Preparation of Cell Culture Media for Proteomic Analysis

Melanoma cell lines WM35, WM902, and WM9 were cultured in media supplemented with 10% FBS in T175 flasks until ∼70% confluence. After washing (with PBS), cells were grown in serum-free medium for 1 day and then switched to media with or without (vehicle control) active-form of KLK7 (3 μg/flask) for 30 min at 37 °C. Media were collected, and cell debris was removed by centrifugation. Media were concentrated 20× using Amicon® Ultra centrifugal filters (EMD Millipore), and buffer was exchanged with 50 mm ammonium bicarbonate. The total protein concentration was measured using the Coomassie Blue protein assay. Proteins were reduced with 10 mm DTT at 50 °C for 30 min and alkylated with 20 mm iodoacetamide at room temperature for 1 h and digested overnight at 37 °C using trypsin (Sigma) at 1:50 ratio of trypsin:total protein. Formic acid was then added to a final concentration of 0.5% (V/V), and the samples were centrifuged at 15,000 × g for 10min. The supernatant was transferred into a new tube and stored at −20 °C. For the screening experiment, all samples (100 μg/condition, with or without KLK7 treatment) were fractioned with strong cation exchange high performance liquid chromatography (SCX-HPLC) (analytic column, PolyLC Inc.) with an Agilent 1100 system. A 60-min fractionation method was used at a flow rate of 0.2 ml/min (Buffer A: 0.26 m formic acid in 5% acetonitrile, pH 2–3; Buffer B: 0.26 m formic acid in 5% acetonitrile with 1 m ammonium formate; gradient elution: 10 min buffer A, followed by linear gradient of buffer B 0% to 20% in 20 min then 20–100% in 15 min). Seventeen fractions per sample were collected and stored for further use.

With regard to the HaCaT cell lines, the experiment was performed as previously reported by Becker-Pauly et al. (18). Briefly, HaCaT cells were initially cultured to 70% confluency and were then switched to serum-free medium with (or without) spiked active KLK7 (1:100 ratio of protease/secretome (w/w)). Condition medium was collected 48 h post-treatment and subjected to sample preparation prior to MS-analysis.

LC-MS/MS Mass Spectrometry

The fractionated samples were processed using OMIX-Mini Bed 96 C18 pipette tips (Agilent Technologies). Peptides were washed with buffer containing 95% water in 0.02% TFA buffer and then eluted in 5 μl of buffer B (64.5% acetonitrile, 35.4% water, 0.1% formic acid).
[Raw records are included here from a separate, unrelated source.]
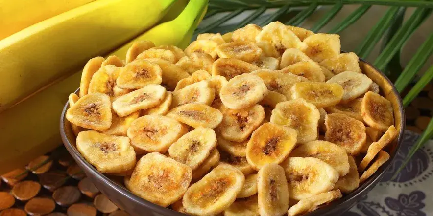 Свежий банан — не очень жирный, но весьма питательный и энергетически ценный продукт. Сушёный продукт впятеро калорийнее сырого. Фрукт помогает утолить внезапно разыгравшийся голод.
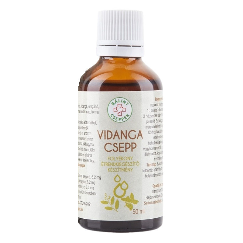 TÁPANYAGOK / HATÓANYAGOK A NAPI ADAGBAN: 18,7 mg vidanga, 6,2 mg oregánó, 6,2 mg olajfalevél, 6,2 mg fokhagyma, 6,2 mg mustármag, 6,2 mg torma és 6,2 mg kakukkfű található a napi 20 cseppben.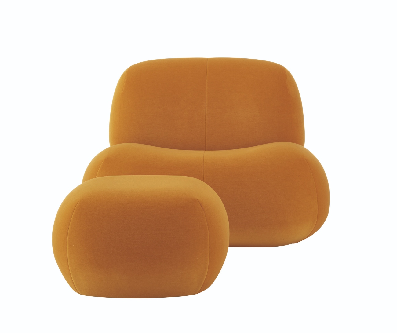 Designed by Yabu Pushelberg, Ligne Roset‘s Pukka armchair and ottoman were inspired by a Gaetano Pesce’s Up5 chair and Up6 ottoma, whose curves are even more pronounced than those found here. Armchair, $2615, and ottoman, $1025, at Home Société.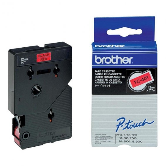 Cinta Brother TC401 Laminada Original 12mm x 7m - Negro sobre Rojo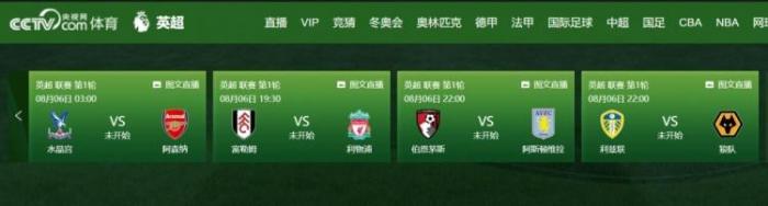 好球直播吧07月12日讯 央视官网节目单上已经出现了新赛季英超转播预告,比如富勒姆对利物浦,水晶宫对阿森纳,伯恩茅斯对维拉,利兹联对狼队。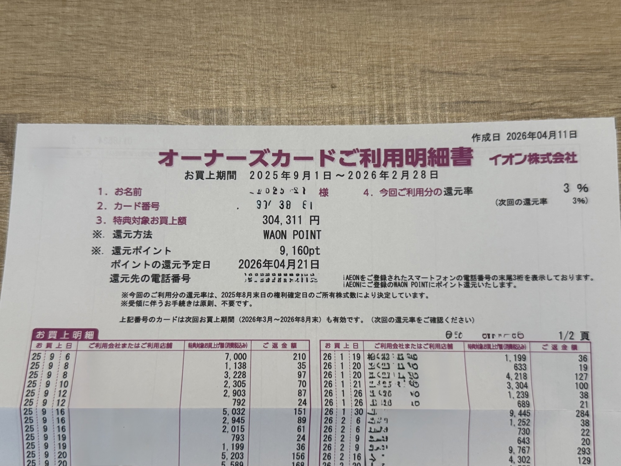 300株保有のため、半年間の利用額304,311円の3%となる9,160ptが還元されます。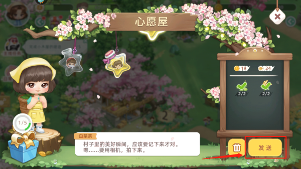 10、可以看到村民需要的東西,收集完成點(diǎn)擊發(fā)送,送至村名手中,獲取獎(jiǎng)勵(lì)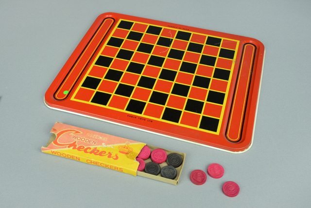 Jeu de dames constitué d’un damier de métal rouge, noir et jaune et d’une boîte de carton rouge, jaune et blanc contenant 12 dames roses et 12 dames noires, faites de bois.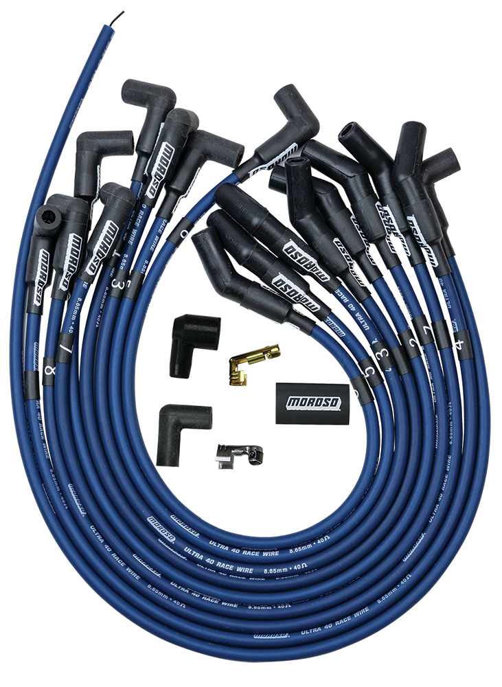 Product Description Spark Plug Wire Set - Ultra 40 - Spiral Core - 8.65 mm - Blue - 135 Degree Plug Boots - HEI Style Terminal - Cut-To-Fit - Small Block Ford - Kit

For the screening experiment, 80 μl of buffer A (0.1% formic acid in H₂O) were added to each sample, and 40 μl were loaded onto a 2-cm trap C18 column using an EASY-nLC nano-flow pump. The peptides were initially eluted from the trap column onto a 5-cm C18 column. The liquid chromatography setup was connected to a Thermo LTQ Orbitrap XL mass spectrometer with a nanoelectrospray ionization source (Proxeon Biosystems, Odense, Denmark). Analysis of the eluted peptides was done by tandem mass spectrometry in positive-ion mode.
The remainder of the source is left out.